A few days ago I read Tony Davis’ blog post called “SQL Server Optimizer Malfunction?“.
In short, the blog post is about Adam Machanic’s presentation during the PASS conference claiming that the Query Optimizer is stuck in 1997.
Even though it is controversial whether PASS would be the place for expressing similar thoughts and ideas, I guess the time and place does not really matter on the background of reality.
I wrote a comment to Tony Davis’ blog post, and since the topic has been on my mind for a few days now, I would like to elaborate a bit more. (I will paste my comment below, just in case someone cares to read it in full.)
To summarize my thoughts on the Query Optimizer situation, I would say that it seems like it is stuck in 1977 because of a small hurdle called ‘no clue about context and patterns‘.
In other words, the Query Optimizer is taking the requests as they come, and even though it tries to use semi-smart mechanisms of caching and cost based analysis, it still lacks the power of context and pattern analysis of the workloads over time.
Why is this important anyway?
Recently I wrote an article called “How come the Hourglass? Why database applications slow down“, which explains the ‘big picture’ of data going to and from the database engine. The fact is that the context of the workload and the performance patterns are one of the most important prerequisites for handling the load.
And finally, let me ask this: if the Optimizer needs statistics on the data in order to properly handle a request, would not it need statistics of the execution context and its patterns in order to perform better?
If you find an answer to this question, you can post a comment.
Here is the original comment to Tony Davis’ blog post.
It is a very valid point that the improvements in hardware are changing the game of the optimizer almost constantly. Here are a few real world examples that I have encountered over the years:
1. the problem of using the same query / stored procedure for different amounts of data: the problem becomes obvious when we have a query which may have to process 50 rows or 100 million rows. And depending on which plan is cached first, the other one will not be optimal. This can be simply solved by creating two different queries / procedures – one for each case – and passing hints.

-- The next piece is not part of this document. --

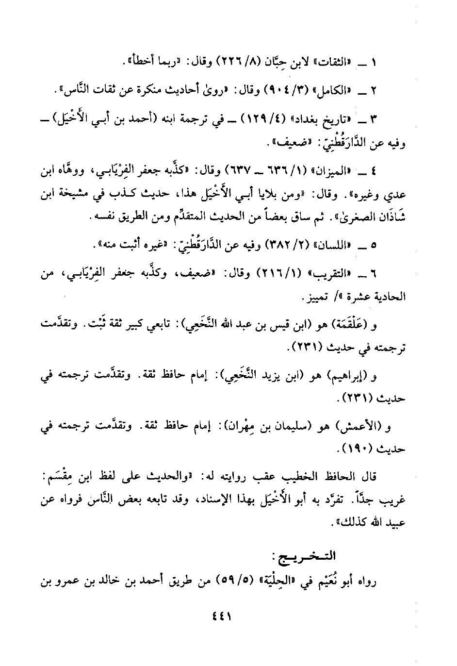 ٤ - "الميزان" (١/ ٦٣٦ - ٦٣٧) وقال: "كذَّبه جعفر الفِرْيَابي، ووهَّاه ابن عدي وغيره". وقال: "ومن بلايا أبي الأَخْيَل هذا، حديث كذب في مشيخة ابن شَاذَان الصغرى". ثم ساق بعضًا من الحديث المتقدِّم ومن الطريق نفسه.

2. The query optimizer does not handle the historical hardware utilization context very well, for example if the pattern in a system is that it gets high resources utilization every 5 minutes (due to some scheduled job) and this event lasts 2 minutes, then the chances are that the plans generated during the peak times are not going to be the same as if they were created during the time of a calmer system, and they may not be optimal. This is not so easy to detect and fix, and it takes a complete overview of the workloads in the system.
3. the worst problem is when there is a database table in use in a very highly transactional system and millions of rows ‘pass through’ the table per minute (being inserted, updated and deleted) and at times it may have 1 row or 1 million rows. In such case, if someone rebuilds the indexes and decides to also do “auto recompute statistics”, then the statistics will be updated based on what data there is at the moment in the table, and the chances are that the next time the plan is generated, the plan may not be optimal and potentially may cause a serious CPU pressure.

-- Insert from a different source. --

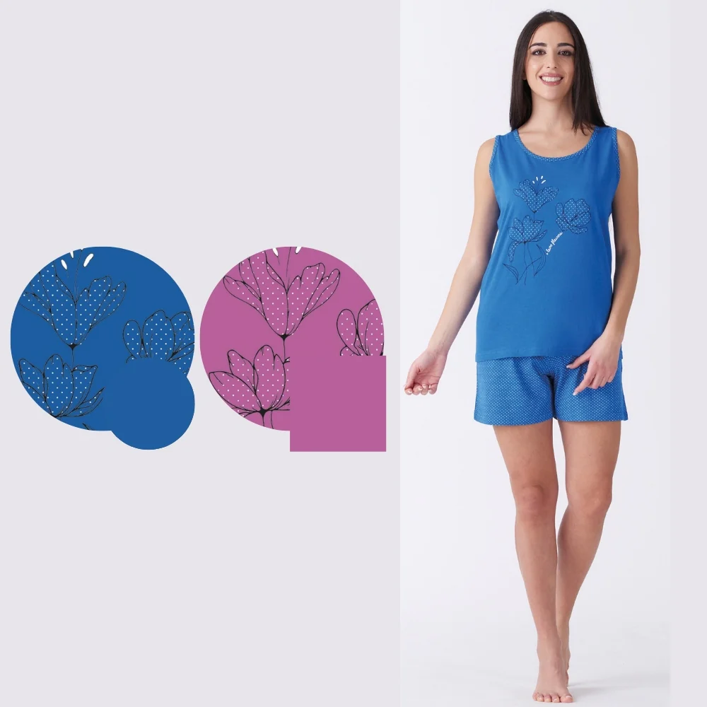 Sv6820pgd – -vanue’ Estate- Pigiama Donna Corto Spalla Larga Con Stampa In Puro Cotone

These are all valid situations and I have dealt with them at one point of time. The reality is that the Optimizer has no clue about the ‘big picture’ and about workload and hardware utilization patterns over time.
The bottom line is that special attention needs to be paid to the workload patterns at all times, and the query tuning or even the solution approaches have to be based on the workload patterns and the underlying hardware and not based on blindly hoping that the Optimizer will do what we want it to do.